2.2.3.2 Kelemahan Balanced Scorecard
Di samping memiliki banyak keunggulan, balanced scorecard juga memiliki
beberapa kelemahan (Widjaya Tunggal, 2003), sebagai berikut:
1. Kadang kala terdapat korelasi yang buruk antara ukuran keuangan dengan
non keuangan, karena tidak ada jaminan bahwa profitabilitas masa depan
19
mengikuti pencapaian target non keuangan. Oleh sebab itu perlu
dikembangkan ukuran-ukuran yang mewakili kinerja masa depan.
2. Terpaku pada hasil keuangan. Bukan hanya manajer senior yang terlatih dan
terbiasa dengan ukuran keuangan, tetapi mereka juga mendapatkan tekanan
tentang kinerja keuangan perusahaan. Akibatnya tekanan ini akan mengurangi
perhatian terhadap ukuran non keuangan dalam jangka waktu panjang. Atas
kinerja keuangan ini diberikan insentif, sehingga manajer lebih peduli
terhadap ukuran keuangan dari pada yang non keuangan.

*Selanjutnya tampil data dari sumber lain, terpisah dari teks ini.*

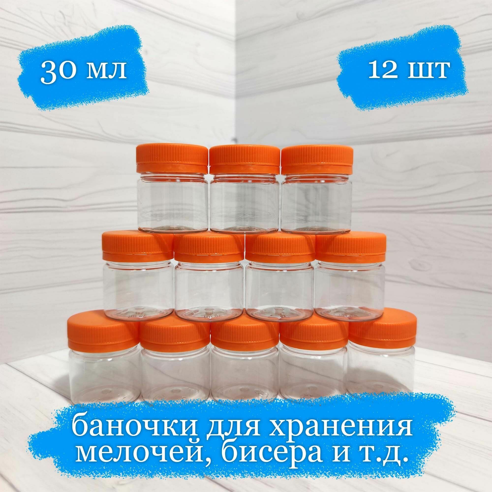 Баночки пластиковые для хранения с оранжевой крышкой - 30 мл - 12 шт информация:
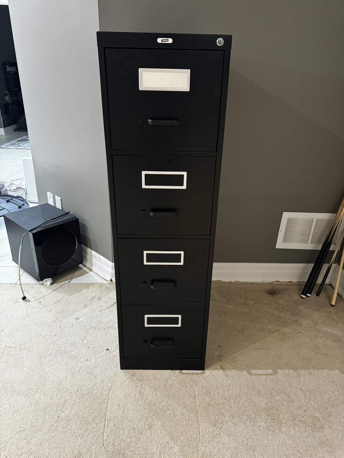 1 / 11 / 1Buy & SellBlack 4-Drawer Filing CabinetBlack 4-Drawer Filing Cabinet$50Four drawer filing cabinet in black. No key and one handle just needs a new screw.WHERE TO MEETCheck LocationView MapSELLERJessBridle Path-Sunnybrook-York Mills936 reviews2 chats·0 favorites·57 viewsSEND CHAT TO SELLERHi Jess! I’m interested in your listing.Hi Jess! I’m interested in your listing.Get the Karrot app to chatSign In to chat

3. Ukuran-ukuran tidak diperbarui. Banyak perusahaan tidak punya mekanisme
formal untuk memperbarui ukuran-ukuran tersebut agar selaras dengan
perubahan strateginya. Malahan yang terjadi ukuran-ukuran strategi yang lalu
tetap digunakan, sehingga menimbulkan kemalasan.

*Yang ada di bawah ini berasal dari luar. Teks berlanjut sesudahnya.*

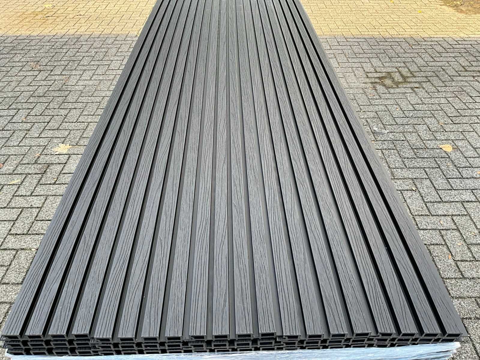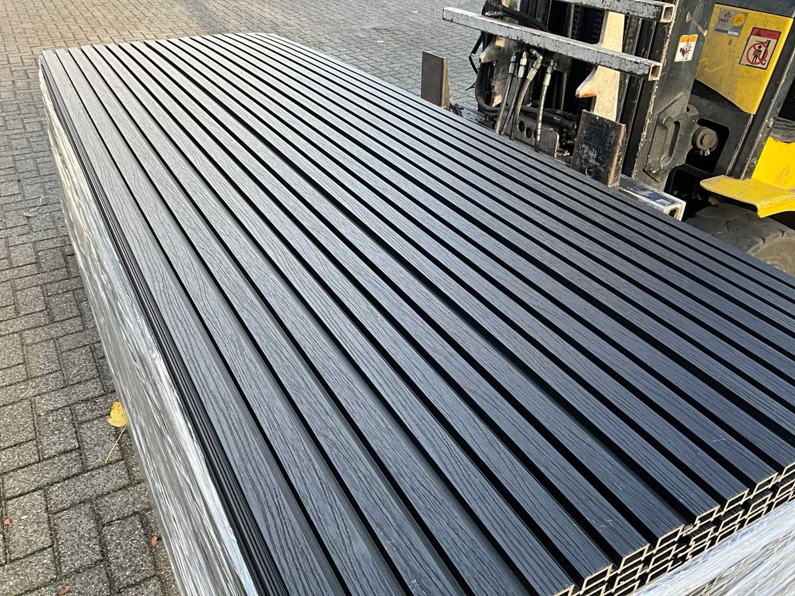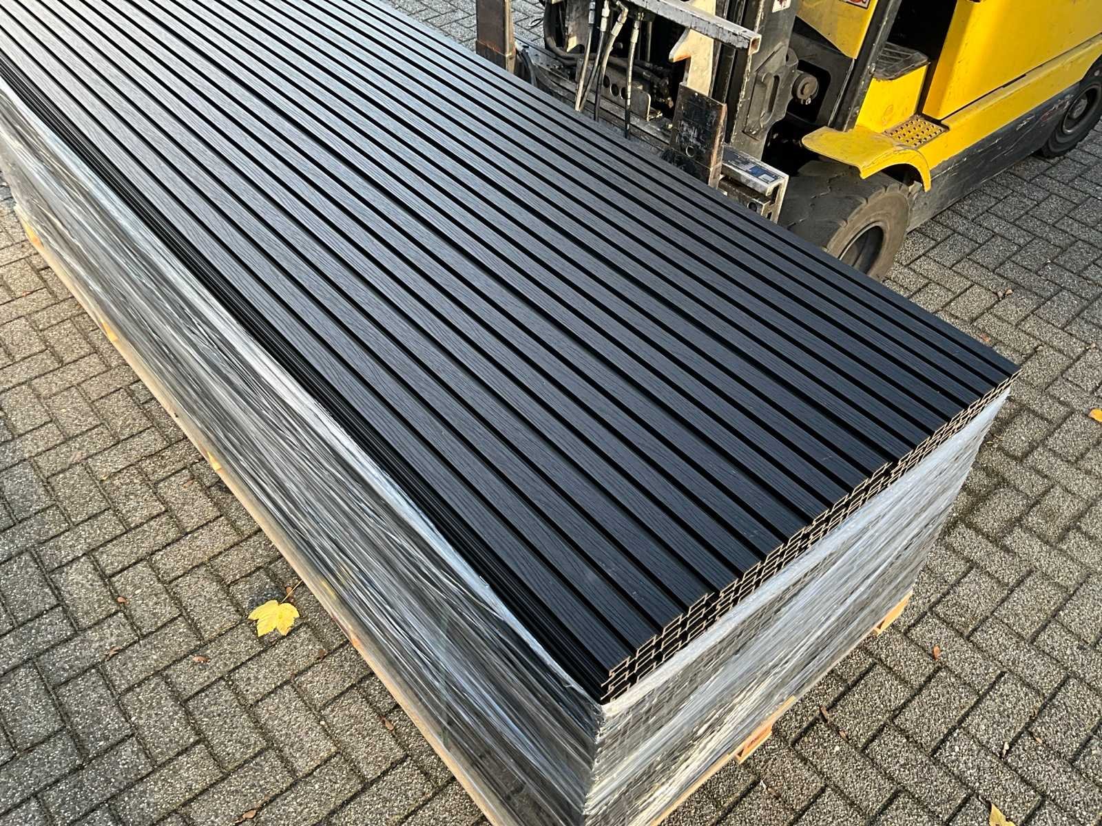 50 panelen van 290 x 21,9 cm, werkende breedte; 20cm, kleur; zwart, voorzien van Co extrusion, extra lange levensduur en kleur behoud, 50 panelen is circa een werkende 29 m2 oppervlakte. Product type: composiet
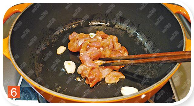 6.燒熱易潔鑊,下油,炒香蒜片,放入瘦肉絲炒至半熟,加入老抽、糖、清雞湯及水,拌勻,再煮滾。

4. Terlalu banyak pengukuran. Berapa banyak ukuran penting yang dapat diikuti
seorang manajer dalam waktu yang sama. Jika terlalu banyak ukuran, maka
resikonya adalah manajer kehilangan fokus pada waktu yang sama banyak hal
dilakukan.
5. Kesulitan menerapkan trade-off. Berapa perusahaan menggabungkan ukuran
keuangan dan non keuangan diberi bobot, jika tidak demikian maka sulit
untuk melakukan trade- off.
2.3 Penilaian Kinerja
Kata penilaian sering diartikan dengan kata assessment. Sedangkan
kinerja perusahaan merupakan sesuatu yang dihasilkan oleh suatu perusahaan
dalam periode tertentu dengan mengacu pada standar yang ditetapkan. Dengan
20
demikian penilaian kinerja perusahaan (companies performance assessment)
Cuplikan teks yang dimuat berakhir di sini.